To the point in software testing, there’s been a push away from writing formal strategies. They’re often seen as irrelevant and past their use by date by the time they’ve been written.
But strategies in general can be really useful for a whole number of reasons. For instance, they can be used as a focusing tool, to help identify key areas to focus testing on. They’re an excellent analytical tool, challenging you to think about assumptions, constraints and resources. At a broader level, they can be used as a communication tool to justify budget in terms of people and resources.
But its not often that a software tester will go to a software testing strategy to figure out what to do next.
Thats because software testing strategies may begin with intent, but tend to rapidly evolve into emergent strategies.
What’s an emergent strategy? Mintzberg and Water (1985) came up with the term to help identify the gap between the intention and the realisation when it comes to strategies. I found this video useful as background reading.
Here’s an overview:
An emergent strategy is one that evolves once the rubber hits the road. When you begin testing and discover a whole new set of risks you hadn’t realised before and change direction to accomodate that, your strategy has just become emergent. It’s the strategy that emerges as assumptions get tested, constraints become concrete and context changes. If that is, you act on the information in front of you.

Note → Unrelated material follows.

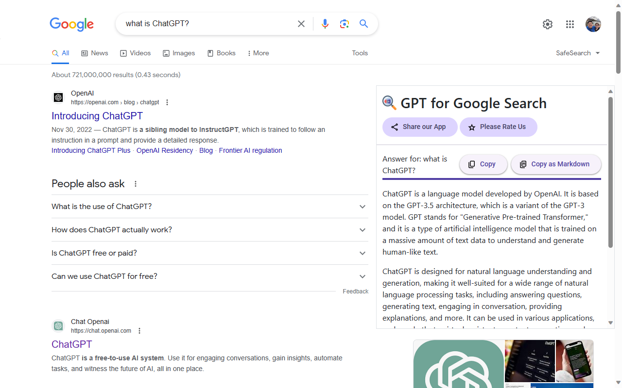 This extension allows you to use ChatGPT, a powerful natural language generation model, when you use Google Search. You can simply type your query in the search box and get a prompt from ChatGPT that will inspire you to explore more topics or generate your own content. You can also use ChatGPT to write poems, stories, code, essays, songs, celebrity parodies, and images.
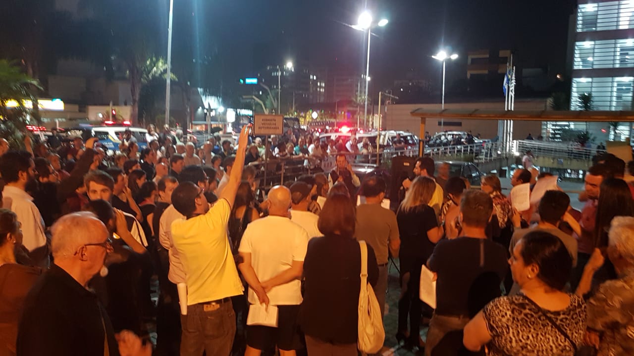 Alguns munícipes reclamaram que a GCM utilizou spray de pimenta para dispersar a população e impedir que alguns manifestantes entrassem para acompanhar a sessão. Os manifestantes chamaram a polícia militar, e realizou o protesto contra os vereadores do lado de fora da Casa.

When working in complex, uncertain environments, when there’s more questions than answers, it makes sense for teams to be aware of the emergent nature of a software testing strategy.
So sure, create that strategy, provide intent. Remember though, dump what proves to be irrelevant, jump onto what emerges as useful.
When it comes to quality coaching, we too need to develop strategies. And, because quality has many dimensions that impact it, it makes sense to rely on an emergent strategy as opposed to a predetermined one. I’ll be tackling that topic either here on in my book.